## Data provided
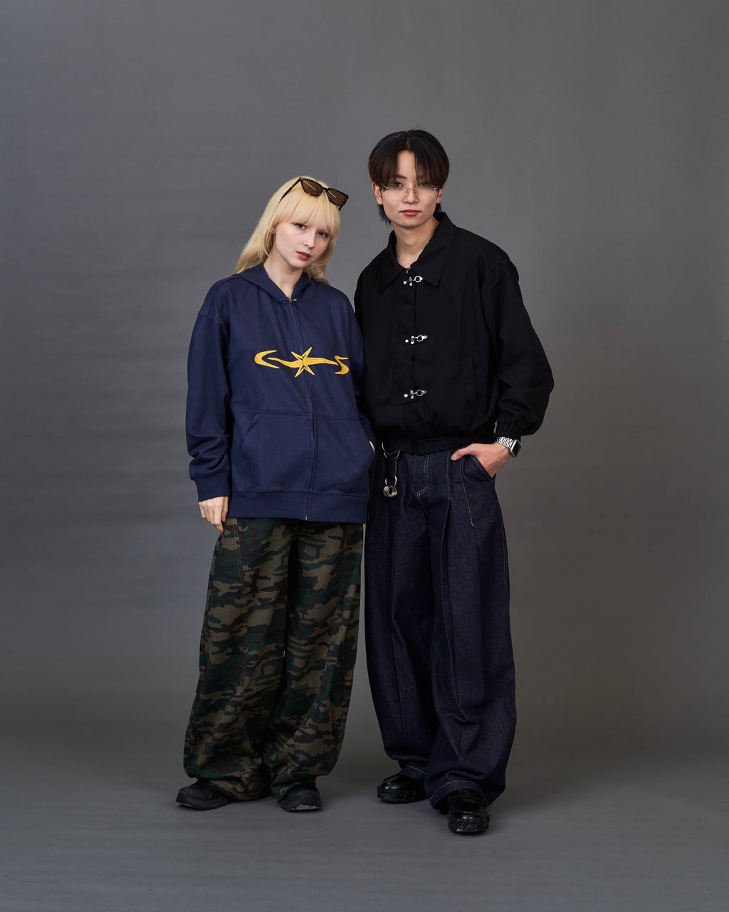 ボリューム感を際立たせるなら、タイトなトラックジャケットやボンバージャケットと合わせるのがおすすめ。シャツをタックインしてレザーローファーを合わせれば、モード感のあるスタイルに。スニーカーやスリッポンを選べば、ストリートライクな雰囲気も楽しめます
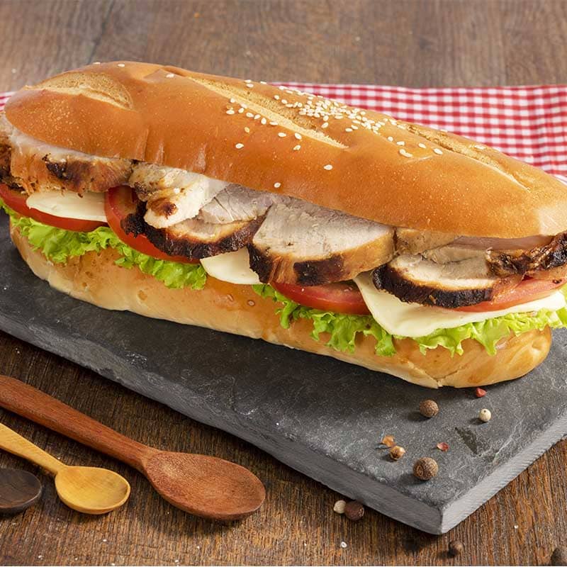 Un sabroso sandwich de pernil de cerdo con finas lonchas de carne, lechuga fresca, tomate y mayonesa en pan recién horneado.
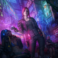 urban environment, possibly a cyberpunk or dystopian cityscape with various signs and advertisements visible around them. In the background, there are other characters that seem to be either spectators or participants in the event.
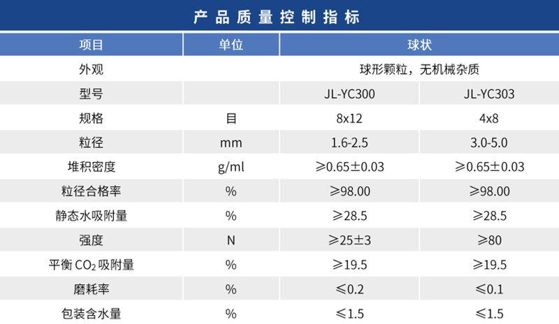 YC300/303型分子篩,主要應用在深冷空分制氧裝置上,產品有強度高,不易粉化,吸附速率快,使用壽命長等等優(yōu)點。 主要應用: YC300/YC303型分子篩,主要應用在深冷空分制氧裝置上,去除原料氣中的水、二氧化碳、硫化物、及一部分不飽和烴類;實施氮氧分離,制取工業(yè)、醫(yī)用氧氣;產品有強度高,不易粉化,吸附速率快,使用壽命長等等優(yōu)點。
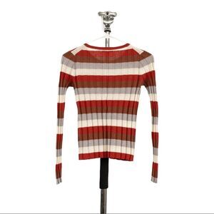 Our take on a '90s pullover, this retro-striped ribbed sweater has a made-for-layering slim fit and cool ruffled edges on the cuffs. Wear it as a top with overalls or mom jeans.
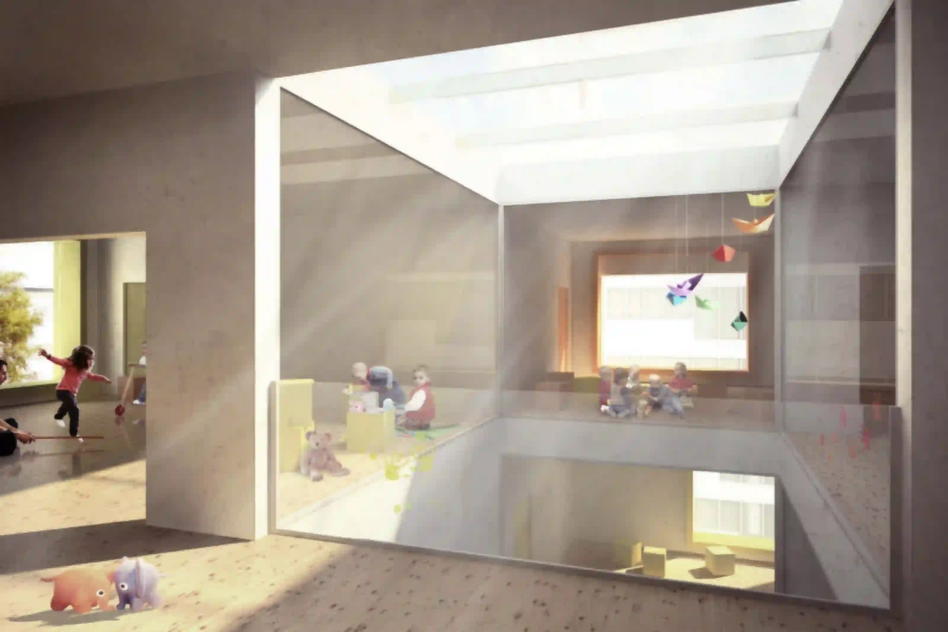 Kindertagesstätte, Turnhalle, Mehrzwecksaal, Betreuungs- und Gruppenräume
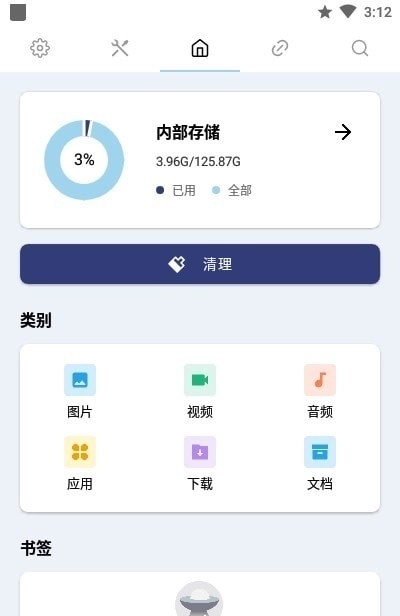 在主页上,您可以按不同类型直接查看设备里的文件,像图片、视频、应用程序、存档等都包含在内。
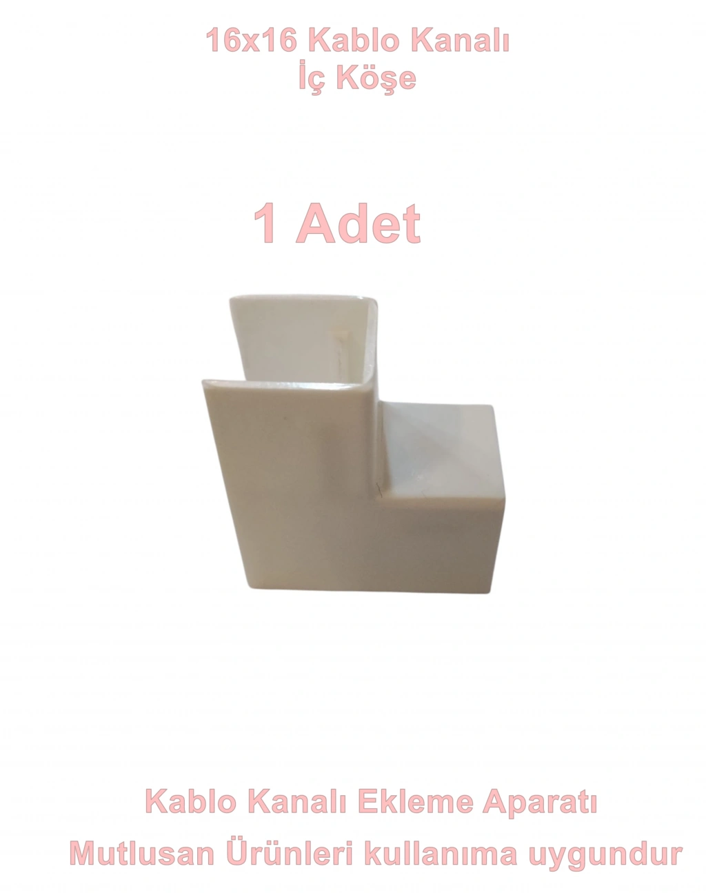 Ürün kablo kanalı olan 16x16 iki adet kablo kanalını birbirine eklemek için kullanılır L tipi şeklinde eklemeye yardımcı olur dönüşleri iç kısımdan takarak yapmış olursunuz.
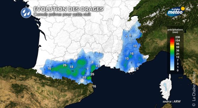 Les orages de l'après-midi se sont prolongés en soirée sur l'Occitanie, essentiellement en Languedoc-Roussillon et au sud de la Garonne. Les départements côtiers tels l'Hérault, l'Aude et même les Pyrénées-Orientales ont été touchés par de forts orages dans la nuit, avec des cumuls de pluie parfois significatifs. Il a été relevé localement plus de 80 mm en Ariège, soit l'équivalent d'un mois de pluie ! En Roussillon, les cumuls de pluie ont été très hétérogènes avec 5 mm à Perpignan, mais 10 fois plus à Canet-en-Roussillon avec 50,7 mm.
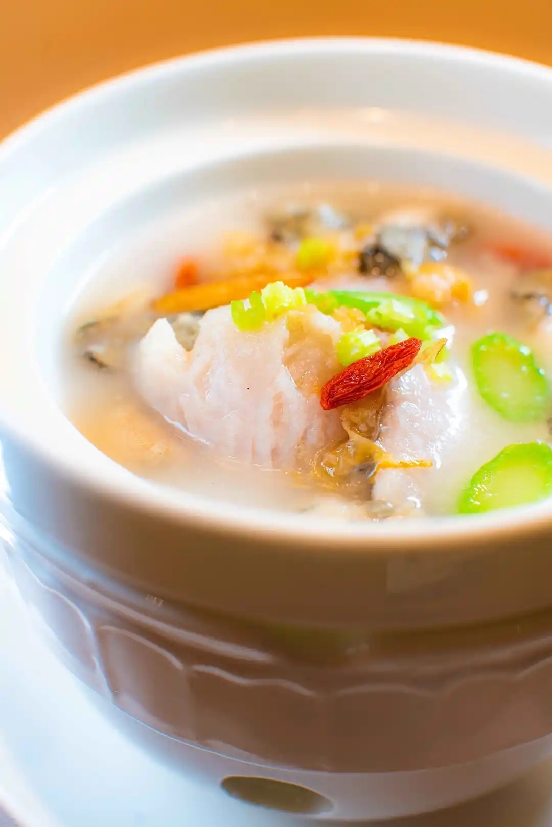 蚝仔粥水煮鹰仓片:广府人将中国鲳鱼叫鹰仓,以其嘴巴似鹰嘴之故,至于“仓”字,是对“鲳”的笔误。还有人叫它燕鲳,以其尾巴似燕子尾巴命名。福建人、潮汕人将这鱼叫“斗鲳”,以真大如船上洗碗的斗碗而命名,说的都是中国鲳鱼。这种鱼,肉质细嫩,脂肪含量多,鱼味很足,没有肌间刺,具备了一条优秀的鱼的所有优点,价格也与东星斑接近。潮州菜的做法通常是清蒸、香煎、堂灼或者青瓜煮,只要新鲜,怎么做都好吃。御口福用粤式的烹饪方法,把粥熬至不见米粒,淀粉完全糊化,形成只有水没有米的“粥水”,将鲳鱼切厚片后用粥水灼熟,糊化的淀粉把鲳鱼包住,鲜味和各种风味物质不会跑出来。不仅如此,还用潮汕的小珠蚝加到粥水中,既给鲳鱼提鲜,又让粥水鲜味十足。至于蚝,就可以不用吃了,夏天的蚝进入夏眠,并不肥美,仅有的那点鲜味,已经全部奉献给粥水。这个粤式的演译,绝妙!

## Goal of the exercise
Reproduce word for word the lines from the line holding "在主页上,您可以按不同类型直" through the last line of the material above, inclusive, and keep pictures out of it.

## Result
 在主页上,您可以按不同类型直接查看设备里的文件,像图片、视频、应用程序、存档等都包含在内。
 Ürün kablo kanalı olan 16x16 iki adet kablo kanalını birbirine eklemek için kullanılır L tipi şeklinde eklemeye yardımcı olur dönüşleri iç kısımdan takarak yapmış olursunuz.
 Les orages de l'après-midi se sont prolongés en soirée sur l'Occitanie, essentiellement en Languedoc-Roussillon et au sud de la Garonne. Les départements côtiers tels l'Hérault, l'Aude et même les Pyrénées-Orientales ont été touchés par de forts orages dans la nuit, avec des cumuls de pluie parfois significatifs. Il a été relevé localement plus de 80 mm en Ariège, soit l'équivalent d'un mois de pluie ! En Roussillon, les cumuls de pluie ont été très hétérogènes avec 5 mm à Perpignan, mais 10 fois plus à Canet-en-Roussillon avec 50,7 mm.
 蚝仔粥水煮鹰仓片:广府人将中国鲳鱼叫鹰仓,以其嘴巴似鹰嘴之故,至于“仓”字,是对“鲳”的笔误。还有人叫它燕鲳,以其尾巴似燕子尾巴命名。福建人、潮汕人将这鱼叫“斗鲳”,以真大如船上洗碗的斗碗而命名,说的都是中国鲳鱼。这种鱼,肉质细嫩,脂肪含量多,鱼味很足,没有肌间刺,具备了一条优秀的鱼的所有优点,价格也与东星斑接近。潮州菜的做法通常是清蒸、香煎、堂灼或者青瓜煮,只要新鲜,怎么做都好吃。御口福用粤式的烹饪方法,把粥熬至不见米粒,淀粉完全糊化,形成只有水没有米的“粥水”,将鲳鱼切厚片后用粥水灼熟,糊化的淀粉把鲳鱼包住,鲜味和各种风味物质不会跑出来。不仅如此,还用潮汕的小珠蚝加到粥水中,既给鲳鱼提鲜,又让粥水鲜味十足。至于蚝,就可以不用吃了,夏天的蚝进入夏眠,并不肥美,仅有的那点鲜味,已经全部奉献给粥水。这个粤式的演译,绝妙!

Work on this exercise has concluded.